== Your goal ==
Reproduce from the records below, with no pictures, exactly the lines between the one containing "Объем, стр. 16" and the one containing "Aloe vera, fresh", inclusive.

== Exercise data ==
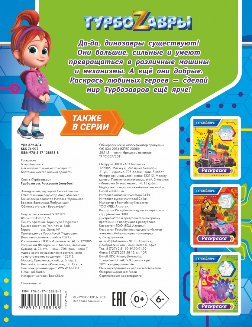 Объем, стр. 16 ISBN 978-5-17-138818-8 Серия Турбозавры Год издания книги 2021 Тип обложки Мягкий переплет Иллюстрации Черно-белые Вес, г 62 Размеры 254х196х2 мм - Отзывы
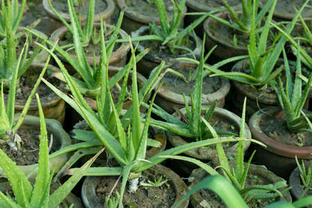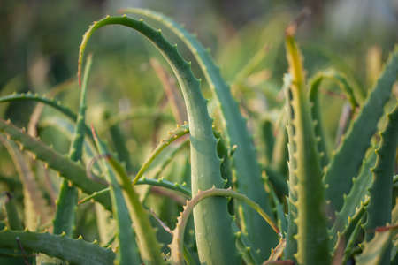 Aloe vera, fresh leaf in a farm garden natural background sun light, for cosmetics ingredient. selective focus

==

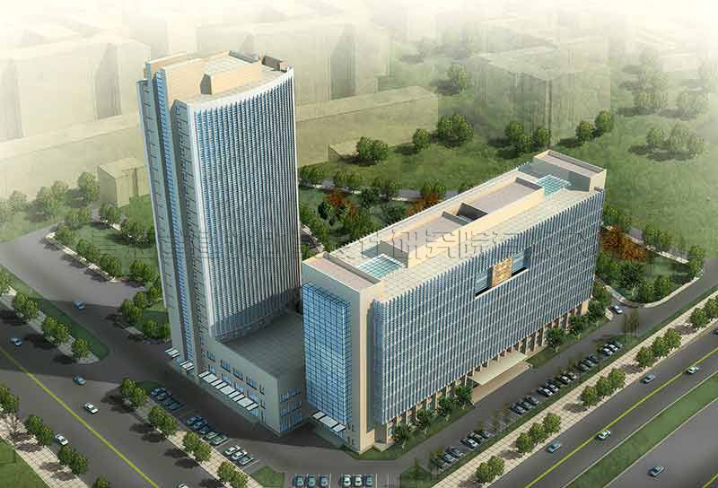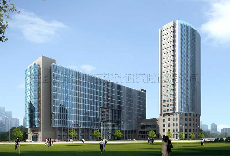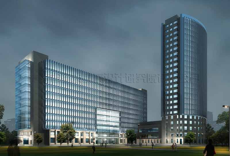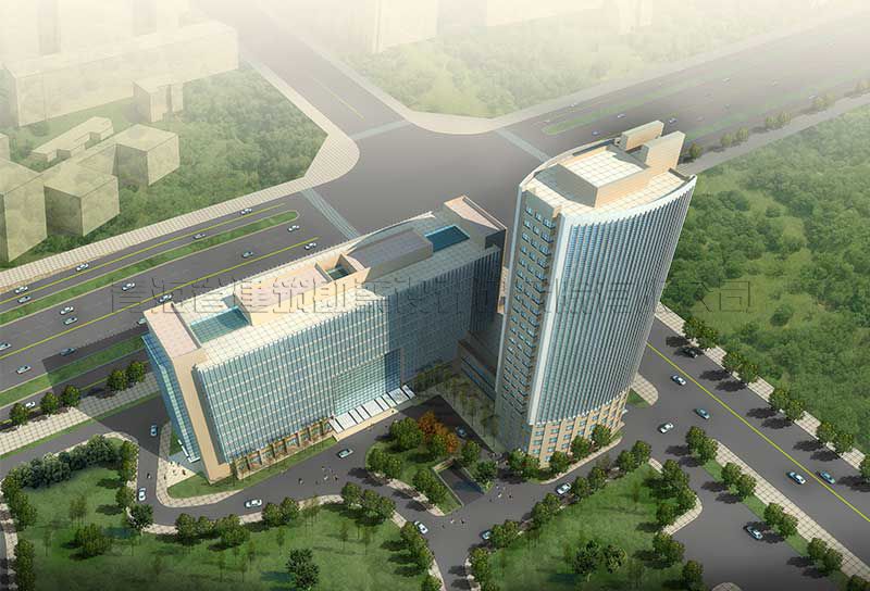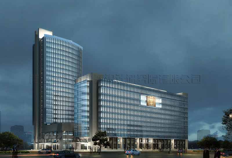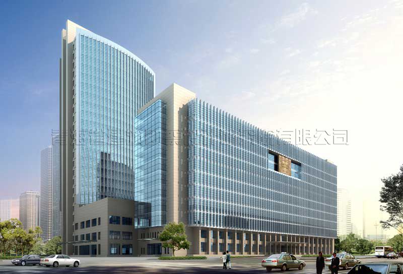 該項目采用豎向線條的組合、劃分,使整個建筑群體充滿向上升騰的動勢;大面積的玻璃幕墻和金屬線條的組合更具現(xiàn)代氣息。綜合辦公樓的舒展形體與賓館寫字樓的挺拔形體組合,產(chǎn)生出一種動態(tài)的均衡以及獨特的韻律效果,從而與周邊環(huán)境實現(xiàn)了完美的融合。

== Exercise result ==
 Объем, стр. 16 ISBN 978-5-17-138818-8 Серия Турбозавры Год издания книги 2021 Тип обложки Мягкий переплет Иллюстрации Черно-белые Вес, г 62 Размеры 254х196х2 мм - Отзывы
 Aloe vera, fresh leaf in a farm garden natural background sun light, for cosmetics ingredient. selective focus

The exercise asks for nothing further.